Each analysis step is wrapped with @cache_file, so re-running the notebook
skips expensive computations. This is especially useful when:
- Iterating on downstream parameters (e.g. clustering resolution)
- Sharing pipelines across sessions
- Resuming after a crash
Setup¶
import sys, time, shutil, warnings
from pathlib import Path
import numpy as np
import scanpy as sc
from cachepy import cache_file, cache_tree_nodes, cache_tree_reset
from cachepy.cache_file import cache_stats, _file_state_cache
CACHE_DIR = Path("scrnaseq_cache")
Pipeline Steps¶
1. Load Data¶
@cache_file(CACHE_DIR, verbose=True)
def load_pbmc3k():
adata = sc.datasets.pbmc3k()
adata.var_names_make_unique()
return adata
adata_raw = load_pbmc3k()
2. Quality Control¶
@cache_file(CACHE_DIR, verbose=True)
def run_qc(adata, min_genes=200, min_cells=3, max_mito_pct=5):
adata = adata.copy()
adata.var["mt"] = adata.var_names.str.startswith("MT-")
sc.pp.calculate_qc_metrics(adata, qc_vars=["mt"], percent_top=None, log1p=False, inplace=True)
sc.pp.filter_cells(adata, min_genes=min_genes)
sc.pp.filter_genes(adata, min_cells=min_cells)
adata = adata[adata.obs.pct_counts_mt < max_mito_pct, :].copy()
return adata
adata_qc = run_qc(adata_raw, min_genes=200, min_cells=3, max_mito_pct=5)
3. Normalization & HVG Selection¶
@cache_file(CACHE_DIR, verbose=True)
def normalize_and_hvg(adata, n_top_genes=2000, target_sum=1e4):
adata = adata.copy()
sc.pp.normalize_total(adata, target_sum=target_sum)
sc.pp.log1p(adata)
adata.raw = adata
sc.pp.highly_variable_genes(adata, n_top_genes=n_top_genes, flavor="seurat")

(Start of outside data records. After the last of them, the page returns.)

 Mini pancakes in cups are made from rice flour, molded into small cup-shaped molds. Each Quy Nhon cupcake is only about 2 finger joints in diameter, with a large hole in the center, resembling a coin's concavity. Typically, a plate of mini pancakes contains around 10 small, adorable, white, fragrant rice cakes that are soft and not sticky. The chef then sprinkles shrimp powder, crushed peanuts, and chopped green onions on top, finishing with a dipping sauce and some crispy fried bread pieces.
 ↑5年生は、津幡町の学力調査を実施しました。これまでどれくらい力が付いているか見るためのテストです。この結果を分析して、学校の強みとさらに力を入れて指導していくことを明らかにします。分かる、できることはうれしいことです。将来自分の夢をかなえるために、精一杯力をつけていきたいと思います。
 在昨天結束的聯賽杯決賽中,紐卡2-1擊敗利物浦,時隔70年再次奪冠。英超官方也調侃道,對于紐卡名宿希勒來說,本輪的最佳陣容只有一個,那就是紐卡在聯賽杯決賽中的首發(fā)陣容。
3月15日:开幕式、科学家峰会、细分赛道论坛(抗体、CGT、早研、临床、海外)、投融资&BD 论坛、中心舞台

adata = adata[:, adata.var.highly_variable].copy()
sc.pp.regress_out(adata, ["total_counts", "pct_counts_mt"])
sc.pp.scale(adata, max_value=10)
return adata
adata_norm = normalize_and_hvg(adata_qc, n_top_genes=2000)
4. Dimensionality Reduction¶
@cache_file(CACHE_DIR, verbose=True)
def run_dimred(adata, n_pcs=40, n_neighbors=10):
adata = adata.copy()
sc.tl.pca(adata, n_comps=n_pcs, svd_solver="arpack")

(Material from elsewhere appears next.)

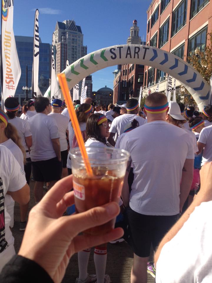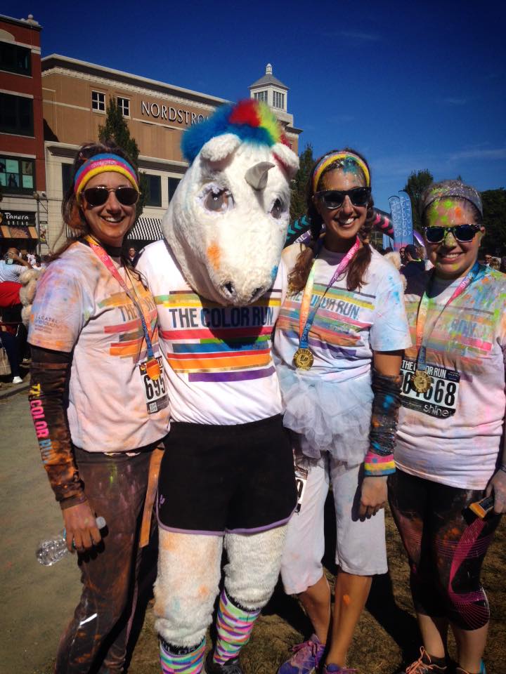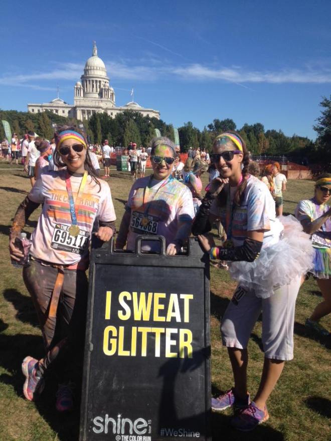 Today I had to wake up super early for The Color Run Providence. My sister and I ran this last year, but it was our friend Kim’s first time. This is the kind of 5k that you don’t want to sprint through, there is no need. It’s a fun one to jog slowly, and enjoy. You pass through five “color stations,” where you are doused with a color. New this year, they added a “Shine” station where you are covered in glitter! (Which I haven’t been able to wash off yet, by the way, haha). It really is the happiest 5k–There are bubbles, and unicorns, and colors! It was also a sunshiney day, which always makes things even better. π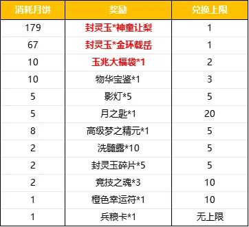 收集指定数量的道具【月饼】,可兑换封灵玉、各种珍稀道具等奖励!

sc.pp.neighbors(adata, n_neighbors=n_neighbors, n_pcs=n_pcs)
sc.tl.umap(adata)
return adata
adata_dimred = run_dimred(adata_norm, n_pcs=40, n_neighbors=10)
5. Clustering¶
This is where caching really shines — you can iterate on the resolution parameter without waiting for PCA/UMAP to recompute.

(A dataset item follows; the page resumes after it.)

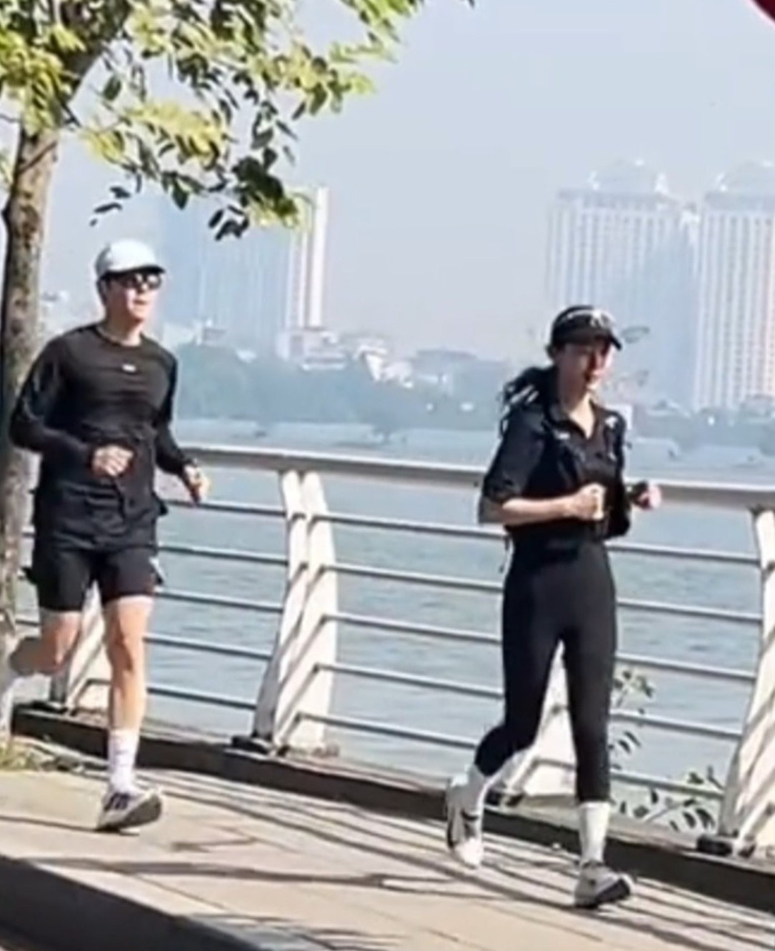 Kim Seon Ho và Suzy chạy bộ ở Hồ Tây, Hà Nội.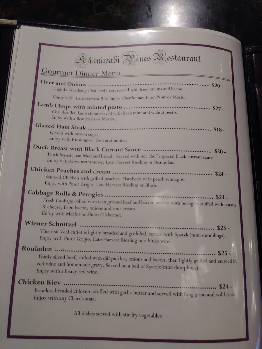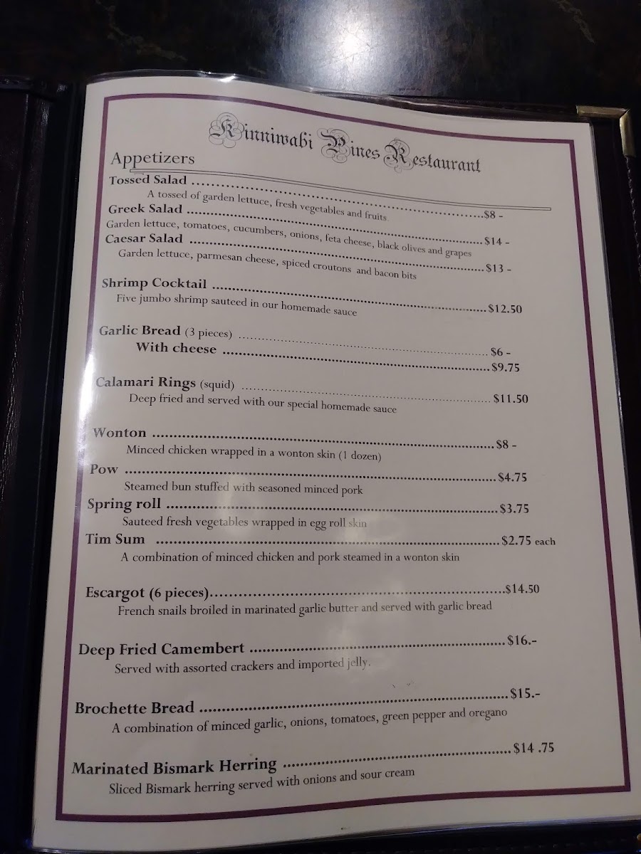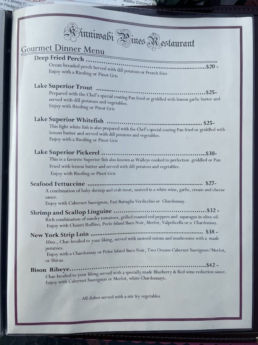 Kinniwabi Pines Restaurant Menu (2025 Update)

@cache_file(CACHE_DIR, verbose=True)
def run_clustering(adata, resolution=1.0):
adata = adata.copy()
sc.tl.leiden(adata, resolution=resolution, flavor="igraph", n_iterations=2)
return adata
# Try different resolutions — only the new ones compute
for res in [0.5, 1.0, 1.5]:
adata_clust = run_clustering(adata_dimred, resolution=res)
6. Marker Gene Detection¶
@cache_file(CACHE_DIR, verbose=True)
def find_markers(adata, n_genes=25, method="wilcoxon"):
adata = adata.copy()
sc.tl.rank_genes_groups(adata, groupby="leiden", method=method, n_genes=n_genes)
return adata
adata_markers = find_markers(adata_final, n_genes=25)
7. Cell Type Annotation¶
@cache_file(CACHE_DIR, verbose=True)
def annotate_celltypes(adata):
adata = adata.copy()
marker_map = {
"CD4 T": ["IL7R", "CD4"],
"CD8 T": ["CD8A", "CD8B"],
"B": ["MS4A1", "CD79A"],
"NK": ["GNLY", "NKG7"],
"Mono": ["CD14", "LYZ"],
"DC": ["FCER1A", "CST3"],
"Platelet": ["PPBP"],
}
# ... scoring logic ...
return adata
adata_annotated = annotate_celltypes(adata_markers)
Parameter Iteration¶
The key benefit: change a downstream parameter and only that step re-runs. Everything upstream is cached.
# Steps 1-4 are all cache hits (instant)
raw = load_pbmc3k()
qc = run_qc(raw)
norm = normalize_and_hvg(qc)
dimred = run_dimred(norm)
# Only step 5 re-runs with new resolution
clust_new = run_clustering(dimred, resolution=0.3)
Inspecting the Cache¶
stats = cache_stats(CACHE_DIR)
print(f"Entries: {stats['n_entries']}, Size: {stats['total_size_mb']:.1f} MB")
nodes = cache_tree_nodes()
for nid, node in nodes.items():
print(f" {node['fname']} parents={len(node.get('parents', []))}")
Speed Benchmark¶
Cache overhead is constant (~1-10 ms) regardless of computation time. See the full notebook for benchmark plots.